1
votes

I understand that PROVIDED dependencies are "provided" by container and application don't need generate this JAR.

1) So, I'm using JBOSS EAP 7.0.0.GA and this have the following jar in this module folder: hibernate-core-5.0.9.Final-redhat-1.jar.

In my project i'm using the following dependency:

<dependency>
            <groupId>org.hibernate</groupId>
            <artifactId>hibernate-core</artifactId>
            <version>5.0.9.Final-redhat-1</version>
        </dependency>

It works fine, without errors. But i understand that i should use "PROVIDED" scope because this jar is provided by container. Why it works ?

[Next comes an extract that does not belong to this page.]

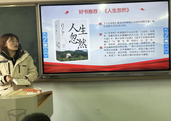 会上,江文歆老师按“总书记的青年观”“习近平新时代中国特色社会主义思想”“座谈交流”“好书推荐”等四个部分进行宣讲,同学们踊跃发言、积极参与讨论。活动推荐的作品是韩少功的《人生忽然》,该书用《论语》《孟子》的典故深刻阐述了“以‘国’为‘家’的放大,以‘忠’为‘孝’的延伸,由近及远,由亲及疏,由里及外,编织出儒家的政治和伦理。

2) I have another example. In Jboss Eap 7.0.0.GA i have the following jar: jboss-servlet-api_3.1_spec-1.0.0.Final-redhat-1.jar. But in my project i have the following:

 <dependency>
            <groupId>javax.servlet</groupId>
            <artifactId>javax.servlet-api</artifactId>
            <version>3.0.1</version>
            <scope>provided</scope>
            <optional>true</optional>
        </dependency>

It works fine too, but i don't understand why. To me the correct dependency should be servlet-api_3.1_spec-1.0.0.Final-redhat-1 with provided. Why it works too ?

1

1 Answers

0
votes

At build time, Maven will resolve the dependencies and make the relevant packages available to the compiler. Your appserver may provide, for example, JARs that contain the classes and interfaces in javax.servlet, but these classes won't necessarily be useful to the compiler, because it doesn't know where they are. By providing the dependencies to Maven, you're having Maven find its own implementations of these dependencies, just for use at compile time.

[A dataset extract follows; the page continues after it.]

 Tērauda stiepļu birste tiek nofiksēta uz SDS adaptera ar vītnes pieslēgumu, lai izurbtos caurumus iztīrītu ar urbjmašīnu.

At run time, if you've marked the dependencies as provided, then your application will use the versions provided by the appserver, rather than the versions known to Maven. This is potentially a bad thing, but it often works because the compiler really needs to know only the method signatures, not their implementations. The method signatures of classes that are controlled by specifications, such as those in javax.servlet, change only infrequently, so the mismatch between the compile-time JARs and run-time JARs may go unnoticed. Unlike OSGi-compliant JARs, JARs built for JEE do not contain meta-data that specifies particular compatible dependency versions -- JEE classloaders will use what they find, for better or worse.

You can be caught out, however -- particularly if the mismatch is substantial. Problems may be very obvious at runtime, such as exceptions related to missing classes or methods, but they can be subtle.

It's therefore often best, where practicable, to use the same compile-time versions of dependencies as the versions that will be available at runtime. For EAP, I recall that Red Hat distributes a Maven bill-of-materials (BOM) file that specifies all the versions of all the EAP JARs for specific EAP releases.